I actually meant to post this earlier, but forgot. Sorry!
I’m still over here working on this whole “no more diet” thing, but I’m still struggling. There are times when I feel good about what I’m doing, but a lot of times I get discouraged and feel like I’m just making things worse by eating what ever I want. I wake up every morning feeling bigger and bigger. So yeah, it’s a struggle. I’m just trying to give all my worries and anxiety over to God because I know He loves me enough to take it all. (By the way, how freaking awesome is that??)
I’m so used to being an “all or nothing” person, that it’s hard for me to find balance in being healthy and not dieting. If I’m eating healthy, then motivating myself to exercise isn’t as hard. I’m working towards a goal, and all of these things will help me reach that goal.
If I’m not eating healthy (ex. on vacation), then I don’t care if I exercise at all because I’ll start back to being healthy (and exercising) tomorrow, or next week. That’s been my mindset for the last 5 years, so it’s hard to break that mentality.

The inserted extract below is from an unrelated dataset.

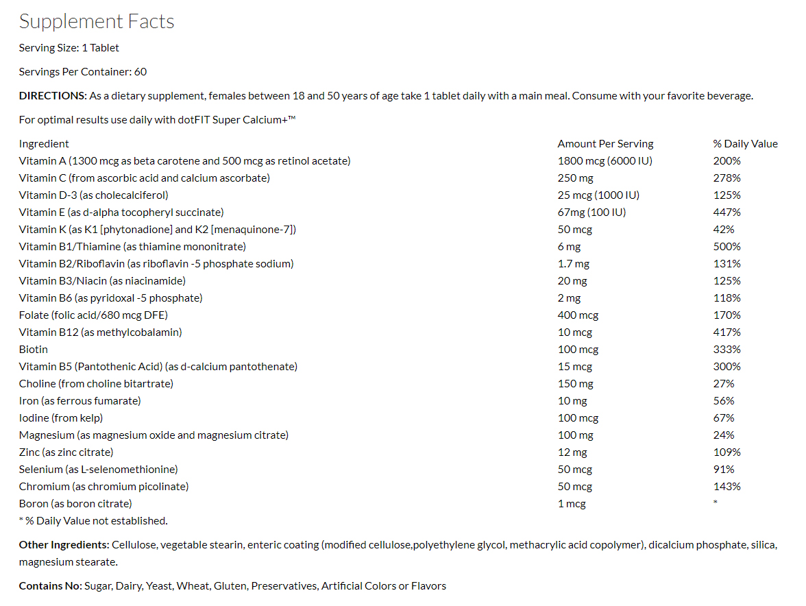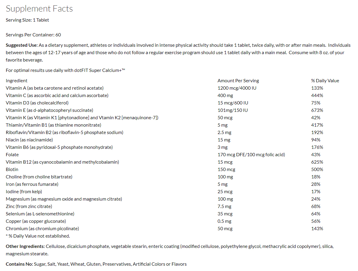 Men and women up to age 50 would use formulas based on diet, activity and gender. After 50, for the majority of the population, the formula would be the same, with the exceptions being vegans (pure vegetarians), very active adults, and clinical exceptions based on medical conditions. Below, under the category of Women, shows the ideal amounts of vitamin and minerals that would be contained in a tablet for the average non-pregnant or lactating women up to age 50. Under the category Active, you’ll find the proper amounts for all adult active exercisers/athletes up to age 65. The Over 50 category is for all other adults over 50. The formulas below are supported by the best current evidence and in line with Institute of Medicine’s (IOM) current recommendations.

It’s also really hard to shake the guilt I feel after eating things that aren’t healthy. I usually wont feel this guilt until the morning (or a few hours after I eat), but when it does hit, it hits me hard. I hate that feeling, and poor Chad had to deal with me busting into tears the other morning because I just didn’t feel good about myself. He really is the best for dealing with me, and he knows how to make me feel better. I thank God for putting us together.
Wow. I have got to stop being so depressing on the blog. I’m usually not the kind of person to constantly write about her feelings, but today and the past few weeks, it was needed. Thanks for reading and for your encouraging words, both on the blog and in person. I just wanted to be completely honest about all of this. I would hate to act like everything was going fine when, in reality, it’s not. But that’s life, and I’ll get through it because I have awesome people surrounding me and supporting me along the way. Chad is definitely my #1 supporter.